Hit by a fall in revenue from freight as well as passenger traffic owing to the Covid-19 pandemic, the Indian Railways has approached the ministry of finance seeking relief in pension liabilities for the current fiscal year.
For 2020-21, staff cost and pension liabilities totalled around Rs 1.46 trillion for the railways. Of this, staff cost was around Rs 92,993 crore while pension bill stood at Rs 53,000 crore.
The cumulative revenue from freight, sundry and passenger segments was down to Rs 53,725 crore, a fall of Rs 34,257 crore, during the six months ending September 2020. This was 39 per cent lower than the same period last year. During the same period last year, gross revenue of the railways was Rs 87,982 crore. This was more than the total staff cost of Rs 86,904 crore in 2019-20.
This massive drop in revenue has forced the railways to approach the department of expenditure at the finance ministry seeking relief on the pension front.
The national transporter has written to the finance ministry recently, saying it would be difficult to meet the pension demand during the current year because of the Covid impact on passenger and freight traffic. It resulted in a drop in revenue, said a person aware about the development.

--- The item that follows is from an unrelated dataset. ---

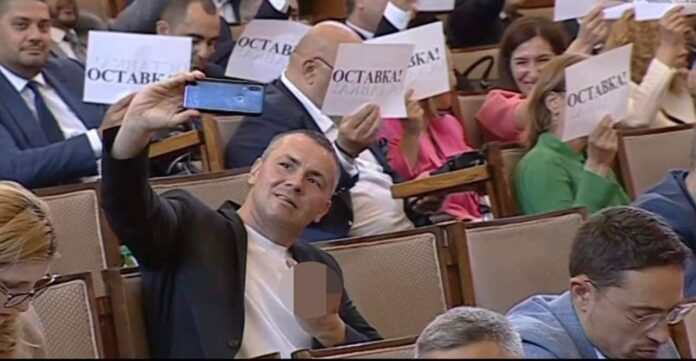 По време на дебатите се видя как народният представител си направи селфи със среден пръст към парламентарната група на ГЕРБ, докато те държаха надписи „Оставка“. Председателят на ГЕРБ Десислава Атанасова призова:

But a senior railway official said, “The railways is a robust organisation on a fast path to progress. It would always be able to meet its commitments, including salary and pension.”
The railways is the only government department which meets the pension expenditure of its retirees from its own receipts.
However, in respect to all other departments, the same is met by the ministry of finance. The railways pays pension from its annual earnings through a pension fund that was introduced in 2003.
The pension bill is expected to increase from Rs 49,000 crore in 2019-20 (revised estimate) to Rs 53,000 crore this fiscal year. In addition, the railways also has a social service obligation to the tune of around Rs 50,000 crore.
Last year, the national transporter had informed the government that after implementation of the Seventh Pay Commission’s recommendations, there was a sharp rise in staff cost and absence of commensurate growth in traffic earnings. This made it increasingly difficult to bear the pension expenditure from railway revenues while bearing the social service obligations.
“Around 25 per cent of the railway earnings go into paying pension to 155 million former employees. We are hoping that it will be done in a graded manner,” Railway Board chairman VK Yadav said in a recent media interview.
Looking at the revenue front, till October 11, the cumulative revenue from freight traffic for the current fiscal year was seen 15 per cent lower at Rs 53,631 crore. However, showing signs of revival, goods handled by the national transporter in September was seen 19 per cent higher compared to the same period last year. In the October 1-11 period, too, so far, freight saw an increase of 13 per cent compared to the same time last fiscal year.
Following the Covid outbreak, the railways, on March 25, suspended all regular passenger, mail and express trains indefinitely. This included 13,500 passenger trains.